THE JOURNAL

If it is simply the thought that counts, sometimes a bad gift can really make you think. Whether it’s over- or under considered, a particularly ill-advised present can miss the mark so greatly as to be remembered well beyond the life of the offending object.
As gift-giving season ramps up, there are a few basics rules to consider: nothing with a beating heart, nothing that obligates the recipient to put in time or effort, no obvious regifts and nothing that could result in a hefty tax lien. Even if these rules seem obvious, we are all now adept at the art of graciously accepting a present that disappoints more than delights – mustering a swoon of false gratitude and a frozen smile bordering on kabuki.

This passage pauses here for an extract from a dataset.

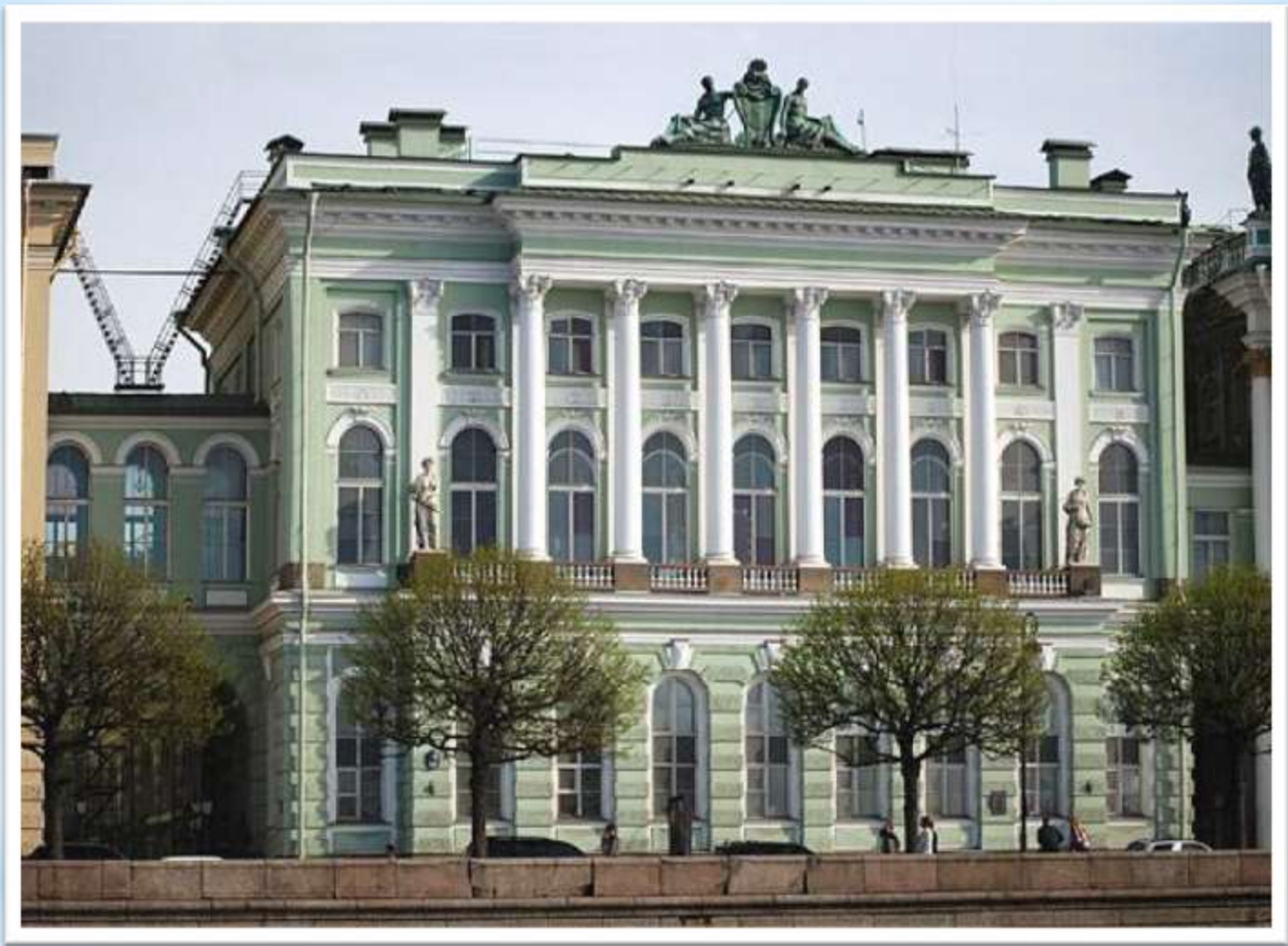
Малый Эрмитаж (Северный фасад со стороны Дворцовой набережной)

A truly ill-advised choice can quickly become existential: “Do I look like the person who needs a copy of Codependent No More?” Like relationships themselves, gifting can be a fraught, resulting in some unforgettable lemons. We canvassed a few friends to recount their worst gift experiences proving that sometimes it really is better to give than to receive.
01. Ms Hillary Taymour, creative director, Collina Strada
“I received a basket of sausages. It had meat and cheeses and crackers but primarily sausages. I’m a vegan lesbian.”
02. Mr Matthew Schneier, restaurant critic, New York Magazine
“Some years ago, my family quietly transitioned into a shopping-off-each-others’-wish-lists modality. It has the bleak shrug of realism. A year into it, I found I regretted the shock and awe of true holiday surprise and went rogue, as my sister now calls it. But it’s rogue for all when it’s rogue for one, and that year, I found a sincerely gifted butter knife in my proverbial stocking.”
03. Mr Evan Ross Katz, writer and host, Shut Up Evan podcast
“The worst gift I’ve ever been given, and continue to be given, is a prepaid debit card. Yuck, yuck, yuck. It’s deceptively thoughtful (‘Use it anywhere!’), but I always end up losing them or going to a place where they aren’t accepted or have to use it in fits and starts. To quote Carrie Bradshaw in the first Sex And The City film when she encounters her closet the size of a racquetball court: ‘Hurts my eyes.’ Just write a check.”
04. Ms Lily Marotta, comedian and co-host of the Celebrity Book Club podcast
“Here’s the thing about me: I love gifts! I’m the type of person who believed in Santa for far too long (and, yes, I know he isn’t real now... but do I?) and it made me weirdly gift-sexual. The upside of this is that you can give me actual trash and I'll scream with joy. The downside is that I get way too excited to receive gifts, and my birthday is scary close to Christmas, which puts a little emotional and financial pressure on my loved ones.
“That being said, two years ago, my girlfriend went all out for my birthday and fulfilled my punk guy dreams with a Fred Perry polo and a stunning original textile piece by our friend and artist Sophie Stone. I could tell these gifts had pretty much drained her for the year, and as Navidad approached, I did that thing where I was like, you went all out just three weeks ago you really don’t have to get me anything. But I didn’t really mean it.
“So, on that special morning I found a little envelope under the tree, and pulled out a gift card to one of my favourite places in the world: Starbucks. I screamed because I’m a Starbies addict, but then I looked around the tree assuming this was just a little yummy appetiser, and my girlfriend looks kind of guilty and goes, “Oh, that’s it…” And, honestly, I laughed. I just love how just a Starbucks gift card is the gift you give an employee or your 16-year-old niece. So, ultimately this was an awful Christmas gift, but weirdly it kind of worked for me.”